Extracted information
=== Begin Enclosure ===

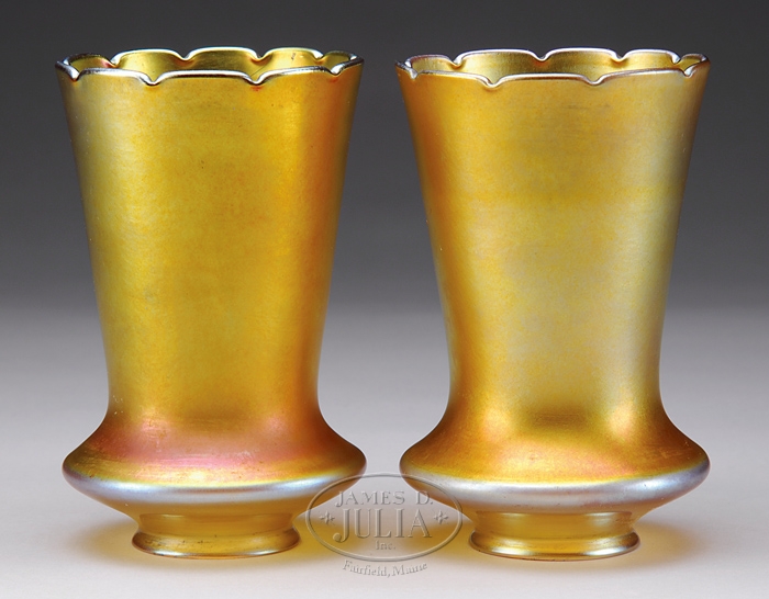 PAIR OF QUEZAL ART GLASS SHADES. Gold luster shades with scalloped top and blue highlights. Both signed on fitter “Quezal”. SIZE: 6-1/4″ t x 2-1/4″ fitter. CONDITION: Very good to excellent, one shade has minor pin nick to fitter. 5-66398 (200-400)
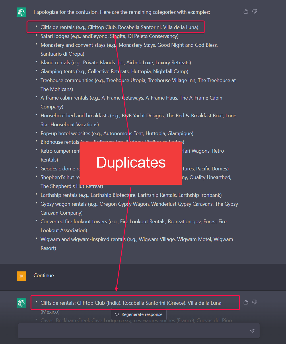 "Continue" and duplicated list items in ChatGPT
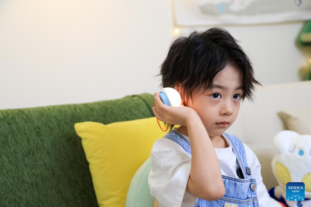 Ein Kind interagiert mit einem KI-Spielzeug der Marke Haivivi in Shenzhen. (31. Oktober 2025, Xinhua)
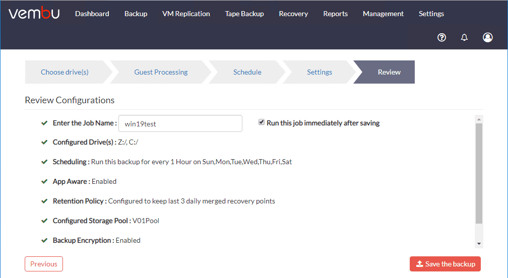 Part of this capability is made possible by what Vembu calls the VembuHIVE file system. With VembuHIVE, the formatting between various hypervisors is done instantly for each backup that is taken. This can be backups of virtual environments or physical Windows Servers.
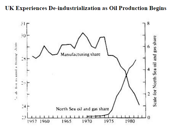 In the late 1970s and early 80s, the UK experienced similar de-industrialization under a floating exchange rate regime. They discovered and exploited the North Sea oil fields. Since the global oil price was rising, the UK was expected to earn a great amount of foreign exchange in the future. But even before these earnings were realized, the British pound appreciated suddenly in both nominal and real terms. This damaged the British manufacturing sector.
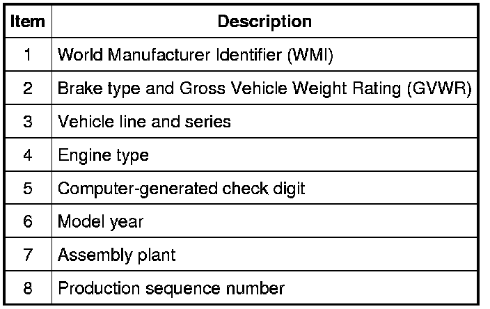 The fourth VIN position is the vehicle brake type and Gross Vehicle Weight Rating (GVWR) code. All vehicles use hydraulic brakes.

=== End Enclosure ===

Exercise brief
Write out exactly the lines from the one containing "In the late" through the end of the entries, both included. Pictures are not copied.

Solution to this exercise
 In the late 1970s and early 80s, the UK experienced similar de-industrialization under a floating exchange rate regime. They discovered and exploited the North Sea oil fields. Since the global oil price was rising, the UK was expected to earn a great amount of foreign exchange in the future. But even before these earnings were realized, the British pound appreciated suddenly in both nominal and real terms. This damaged the British manufacturing sector.
 The fourth VIN position is the vehicle brake type and Gross Vehicle Weight Rating (GVWR) code. All vehicles use hydraulic brakes.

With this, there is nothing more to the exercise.